-- DATA UNDER STUDY follows --

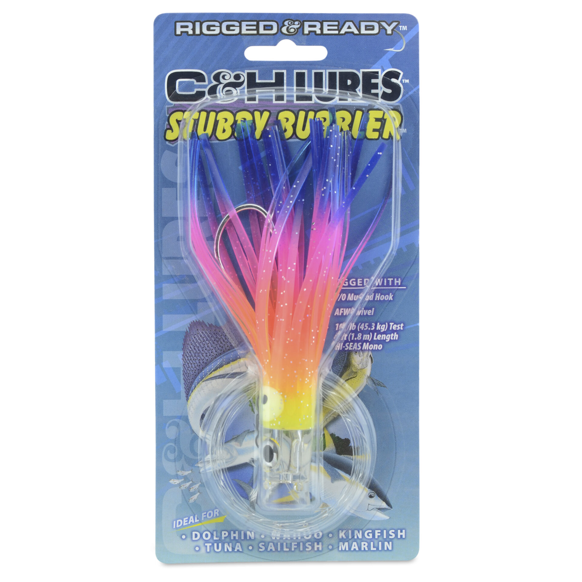 C&H, Stubby Bubbler Rigged & Ready, Rainbow Skirt, 7/0 Mustad Hook, AFW Swivel, 100 lb / 45.3 kg Grand Slam Mono Line, 6 ft / 1.8 m
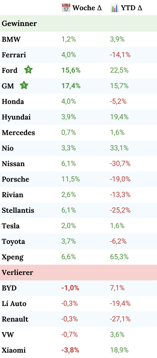 Hier die Wochenperformance der wichtigsten Automotive-Werte:
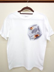 制作工程上、水洗いをしますのでTシャツが一度洗った感じになります。その時の彩色、Tシャツで色の落ち具合や 状態が変わります。ご了承ください。
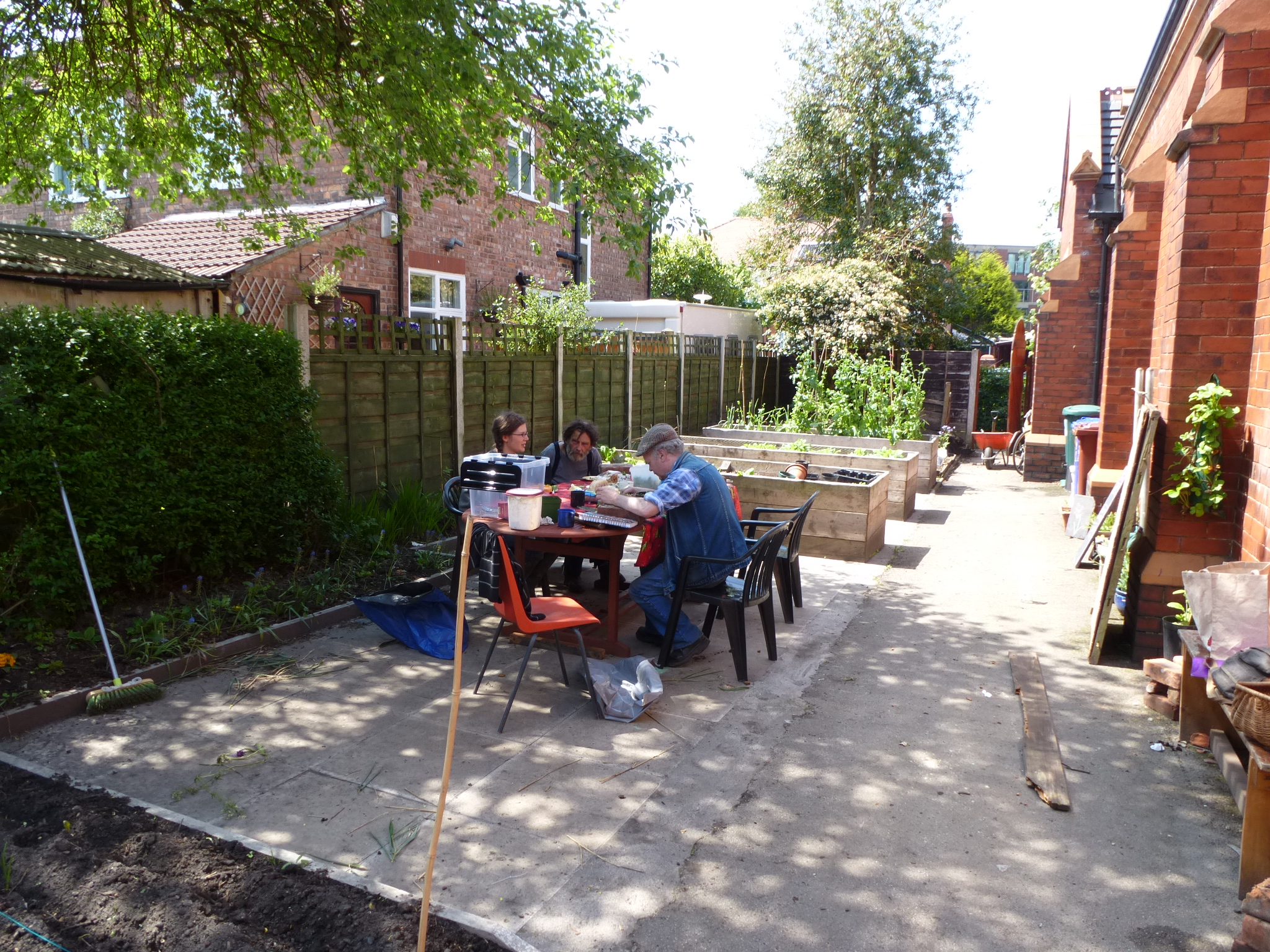 As part of a project to get more older men involved in Chorlton Good Neighbours we formed a Gardening Club at St Ninian’s Church where we are based. Our aim was to transform a piece of wasteland at the Church into a garden and vegetable plot that all our members could enjoy
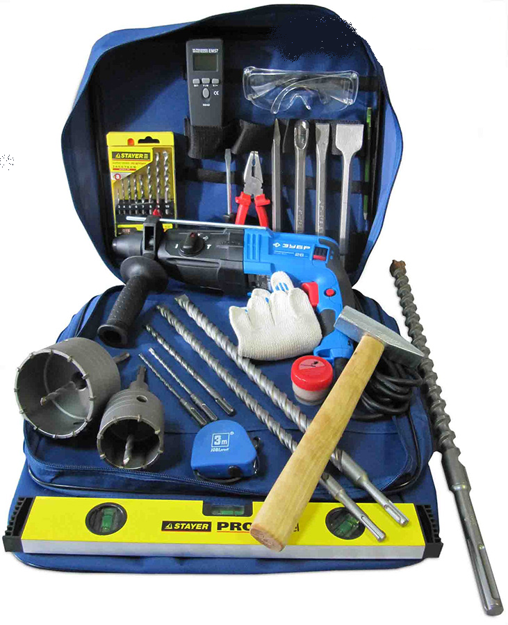 Набор инструментов для монтажа скрытой электропроводки предназначен для прокладки кабелей и проводов внутри конструктивных элементов зданий и сооружений (в стенах, полах, фундаментах, перекрытиях, в пределах чердаков).
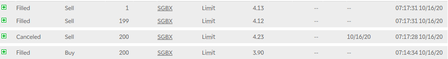SGBX Uptrending PM to deploy Charging stations it was approaching $4.00 so I bought $3.90 for it's breakout, my exit wasn't as great as it could of been, because I did not sell into the strength, so as it was dropping I was chasing to exit as you can see image of my trade. Went a little more aggressive buying more shares compare to my usual 100 in respect to trust myself into my plans.
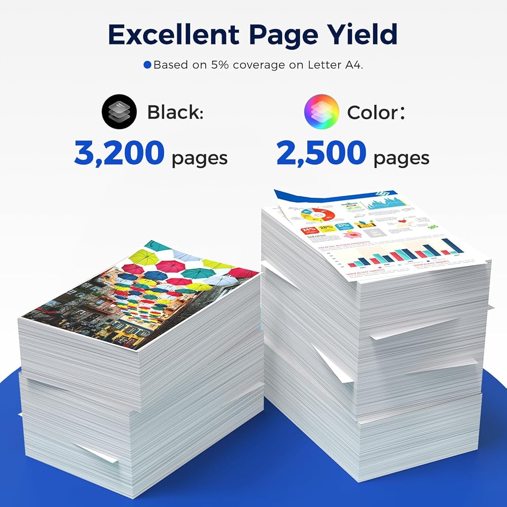 4 عبوات عالية الإنتاجية وفعالة من حيث التكلفة: توفر ما يصل إلى 3200 صفحة من الخرطوشة السوداء و2500 صفحة من كل لون (سماوي، أصفر، أرجواني) بتغطية قياسية بنسبة 5% للصفحة. يقلل التكلفة لكل صفحة، مما يجعله خيارًا اقتصاديًا للطباعة المنزلية الثقيلة ومهام الدراسة طويلة المدى.
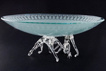 20093 voorovergebogen figuren dragen een schaaltje en vormen tezamen een kariatide. Ze staan op een glazen plateau welke weer gedragen wordt door 3 glasbuisjes van 150 cm hoog.
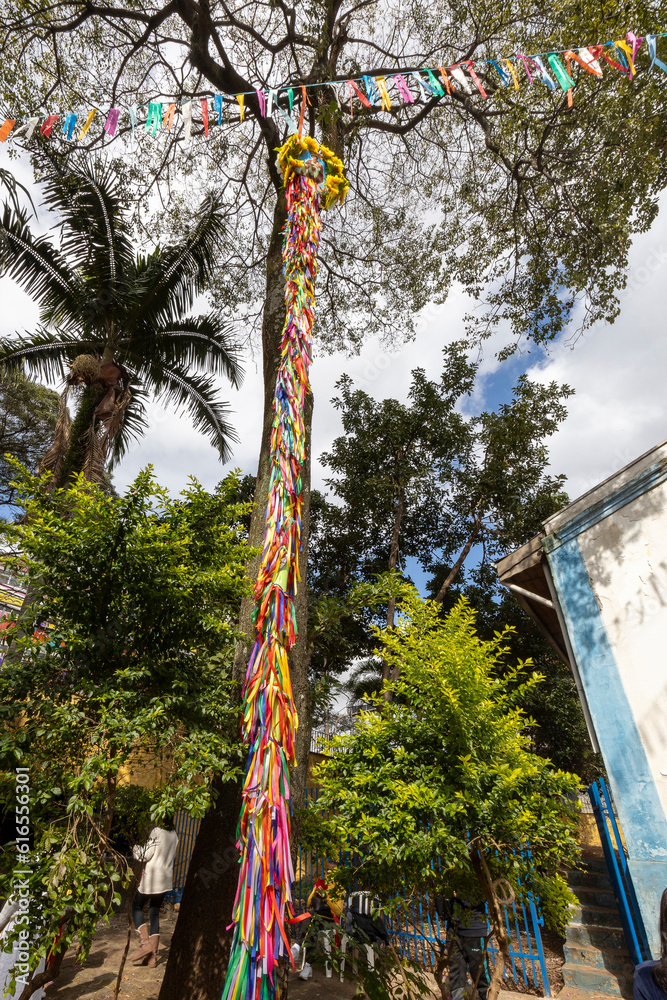 closeup of multicolored ribbons tied to a pole symbolizing the desires and requests of the devotees of Nossa Senhora dos Pretos in the Penha neighborhood, São Paulo, Brazil

-- DATA UNDER STUDY concluded --

WHAT YOU NEED TO DO |
Make an exact copy of the records from their first line through the line containing "Набор инструментов для", both ends included, with the pictures omitted.

EXERCISE SOLUTION |
 C&H, Stubby Bubbler Rigged & Ready, Rainbow Skirt, 7/0 Mustad Hook, AFW Swivel, 100 lb / 45.3 kg Grand Slam Mono Line, 6 ft / 1.8 m
 Hier die Wochenperformance der wichtigsten Automotive-Werte:
 制作工程上、水洗いをしますのでTシャツが一度洗った感じになります。その時の彩色、Tシャツで色の落ち具合や 状態が変わります。ご了承ください。
 As part of a project to get more older men involved in Chorlton Good Neighbours we formed a Gardening Club at St Ninian’s Church where we are based. Our aim was to transform a piece of wasteland at the Church into a garden and vegetable plot that all our members could enjoy
 Набор инструментов для монтажа скрытой электропроводки предназначен для прокладки кабелей и проводов внутри конструктивных элементов зданий и сооружений (в стенах, полах, фундаментах, перекрытиях, в пределах чердаков).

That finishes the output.